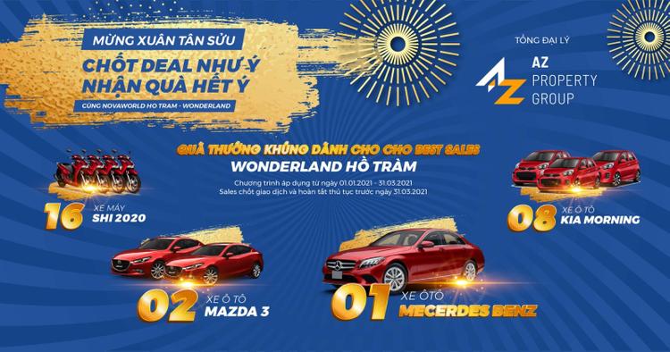 Với hơn 9 tỷ đồng gồm các phần thưởng giá trị cao như: Ô tô Mercedes-Benz C- Class, ô tô Mazda 3, ô tô Kia Morning, xe máy Honda SHi 2020,… thể hiện sự hỗ trợ mạnh mẽ từ AZ Property Group đối với sự hợp tác của các đại lý phân phối dự án trong giai đoạn đang khan hiếm sản phẩm tốt. Các giải thưởng thi đua này sẽ dành cho những cá nhân có thành tích bán hàng xuất sắc nhất trong đợt bán hàng từ 01/01/2021 đến hết ngày ngày 31/03/2021 của AZ Property Group.
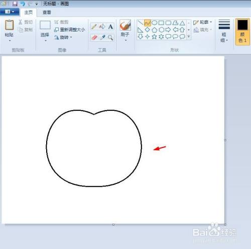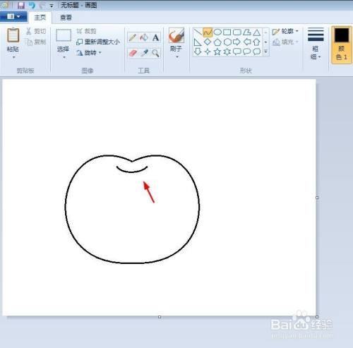 第三步:这样苹果的轮廓就画好了,在下图所示的位置,画出一个短弧线。
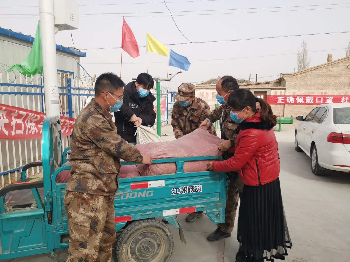 秦澤洪帶領連隊黨支部、“兩委”干部和家人,給職工群眾發放米面。杜家福 攝
# # #
**Exercise requirements**
Output the data above exactly; pictures do not belong in the copy.

**Response box**
 Với hơn 9 tỷ đồng gồm các phần thưởng giá trị cao như: Ô tô Mercedes-Benz C- Class, ô tô Mazda 3, ô tô Kia Morning, xe máy Honda SHi 2020,… thể hiện sự hỗ trợ mạnh mẽ từ AZ Property Group đối với sự hợp tác của các đại lý phân phối dự án trong giai đoạn đang khan hiếm sản phẩm tốt. Các giải thưởng thi đua này sẽ dành cho những cá nhân có thành tích bán hàng xuất sắc nhất trong đợt bán hàng từ 01/01/2021 đến hết ngày ngày 31/03/2021 của AZ Property Group.
 第三步:这样苹果的轮廓就画好了,在下图所示的位置,画出一个短弧线。
 秦澤洪帶領連隊黨支部、“兩委”干部和家人,給職工群眾發放米面。杜家福 攝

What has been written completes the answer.